◆ INPUT RECORDS:
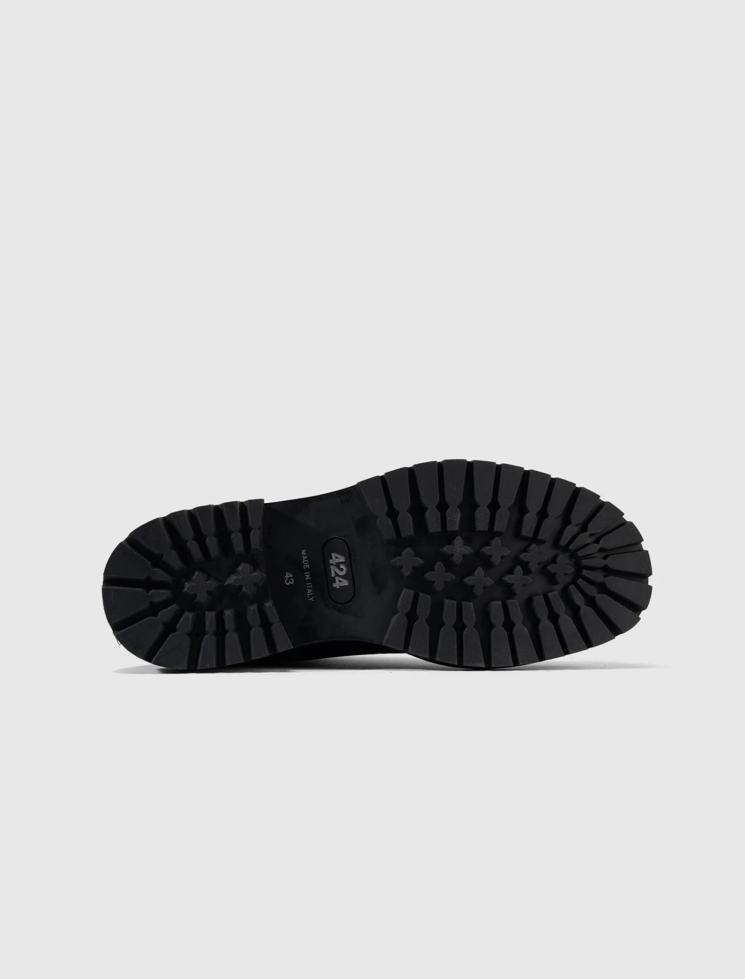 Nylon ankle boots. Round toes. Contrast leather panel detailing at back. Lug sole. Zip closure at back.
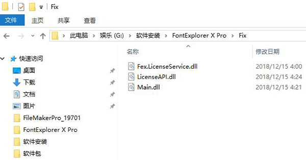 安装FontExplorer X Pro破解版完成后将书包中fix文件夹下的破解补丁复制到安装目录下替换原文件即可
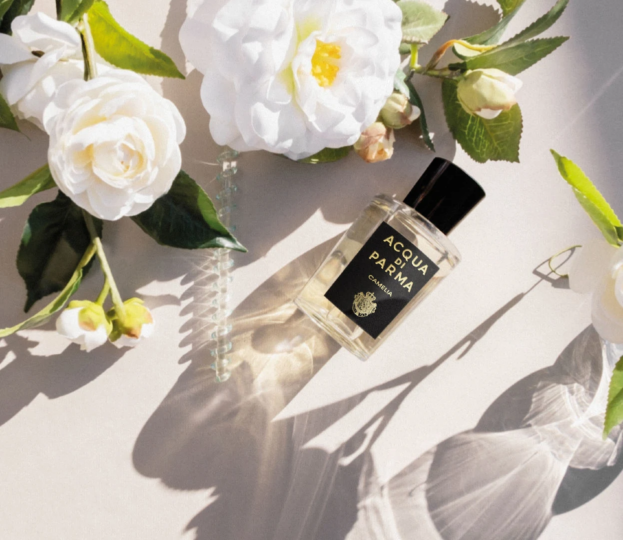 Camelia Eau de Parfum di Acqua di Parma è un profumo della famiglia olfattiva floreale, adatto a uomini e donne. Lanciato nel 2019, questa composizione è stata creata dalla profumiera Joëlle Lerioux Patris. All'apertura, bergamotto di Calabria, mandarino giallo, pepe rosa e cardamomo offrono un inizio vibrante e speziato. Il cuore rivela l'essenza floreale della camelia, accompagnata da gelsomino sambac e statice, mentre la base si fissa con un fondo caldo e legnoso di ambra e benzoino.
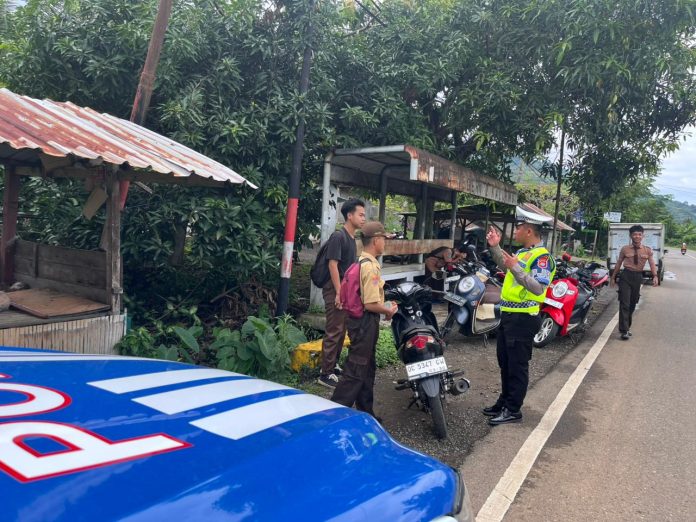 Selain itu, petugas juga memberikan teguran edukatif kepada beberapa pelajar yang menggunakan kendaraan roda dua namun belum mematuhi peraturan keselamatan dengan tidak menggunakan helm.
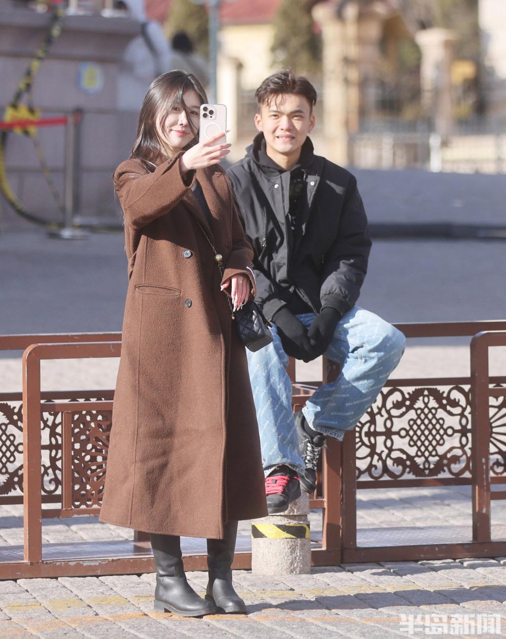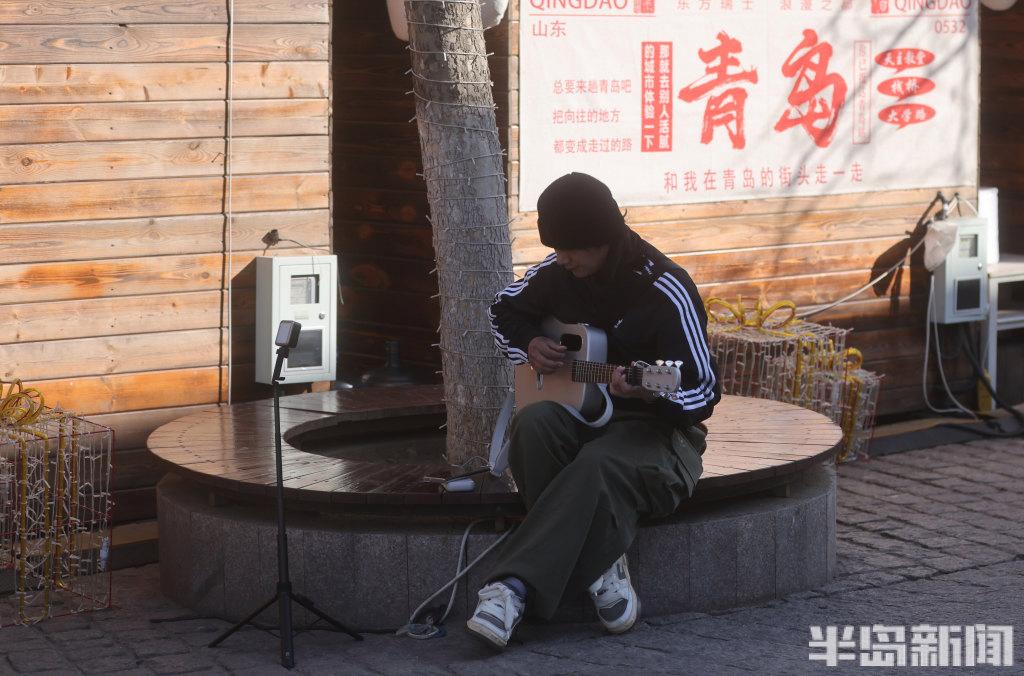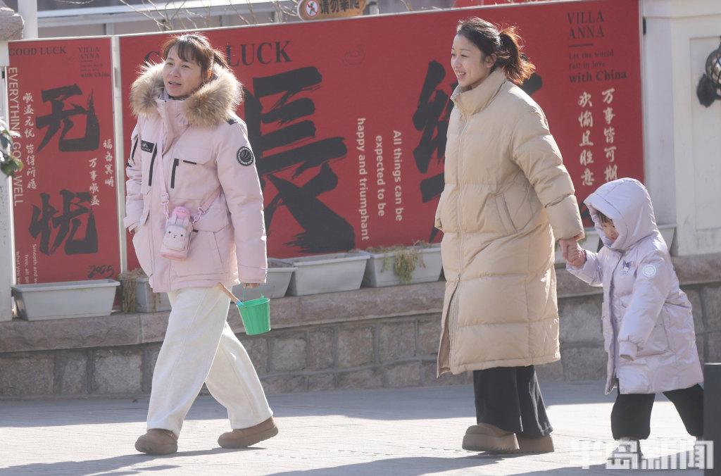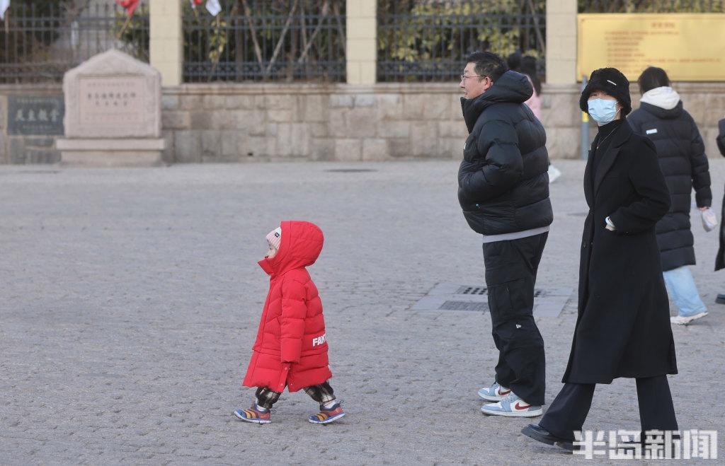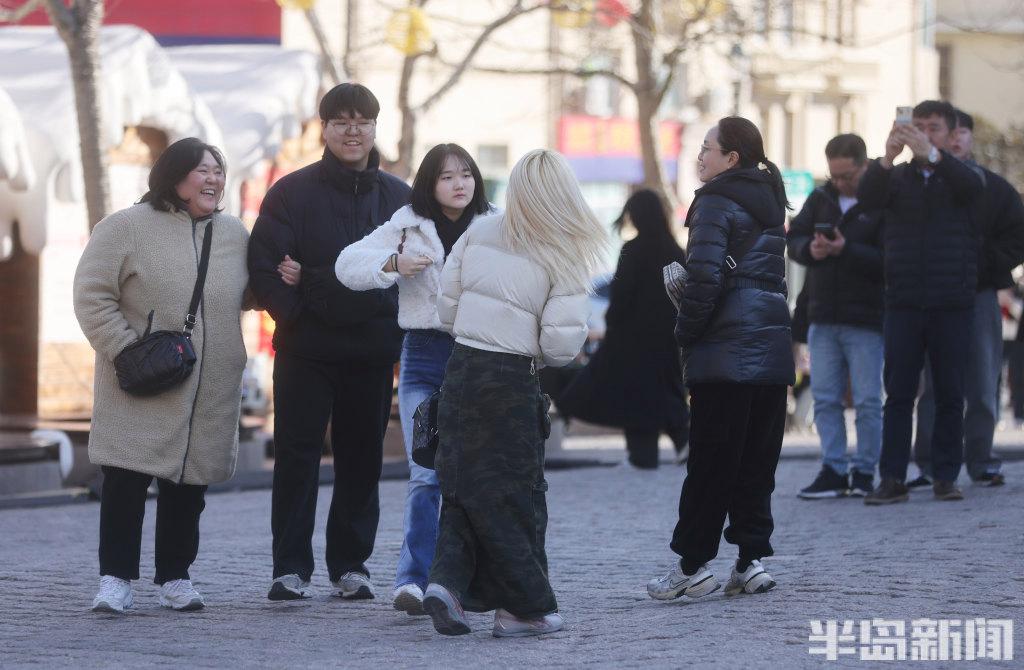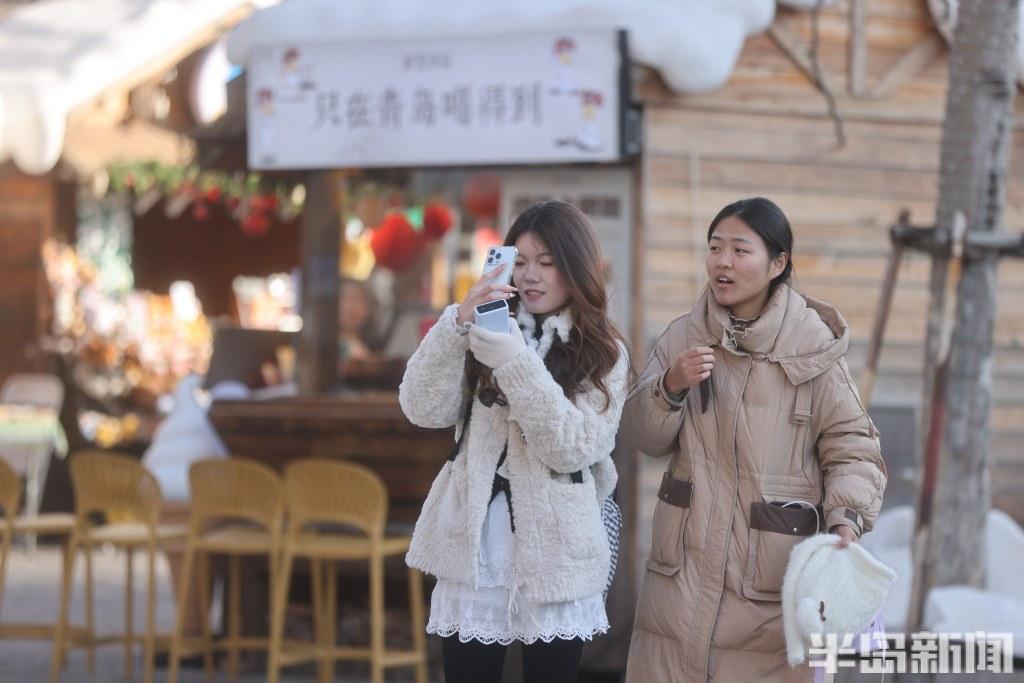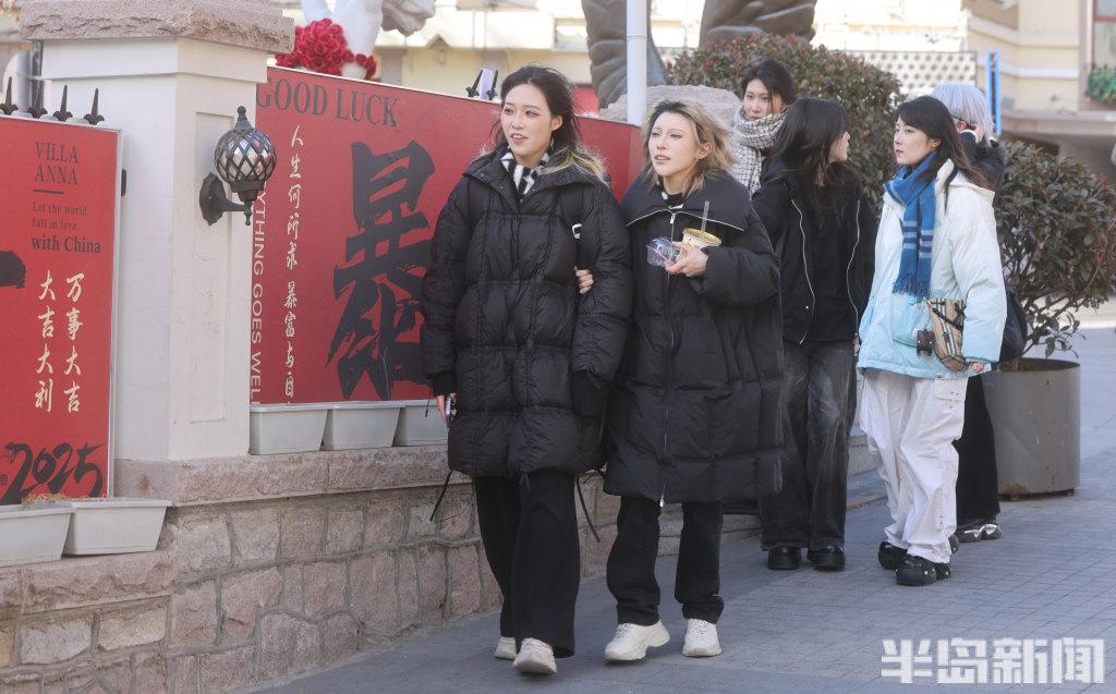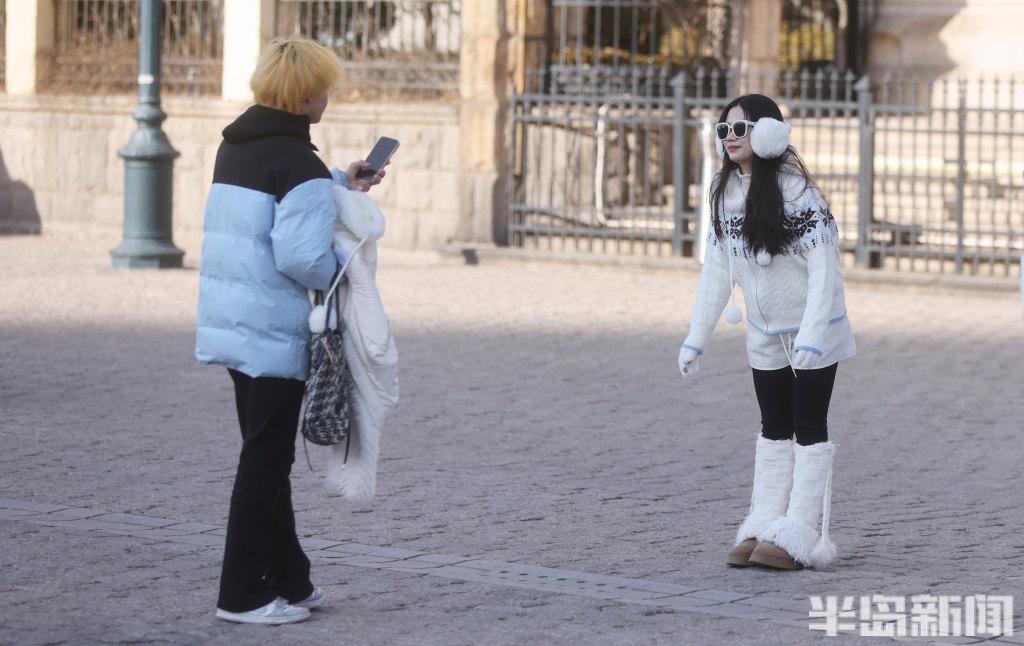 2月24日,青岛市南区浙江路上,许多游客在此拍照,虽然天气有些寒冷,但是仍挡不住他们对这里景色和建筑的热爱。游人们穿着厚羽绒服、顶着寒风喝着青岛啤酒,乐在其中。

◆ WHAT YOU HAVE TO DO: Transcribe, word for word, only the material from its opening line through the line containing "安装FontExplorer X Pro破解版完成后将书包中fix文件夹下的破解补丁复制到安装目录下替换原文件即可", both ends included, and omit the pictures.

◆ COMPLETED TASK:
 Nylon ankle boots. Round toes. Contrast leather panel detailing at back. Lug sole. Zip closure at back.
 安装FontExplorer X Pro破解版完成后将书包中fix文件夹下的破解补丁复制到安装目录下替换原文件即可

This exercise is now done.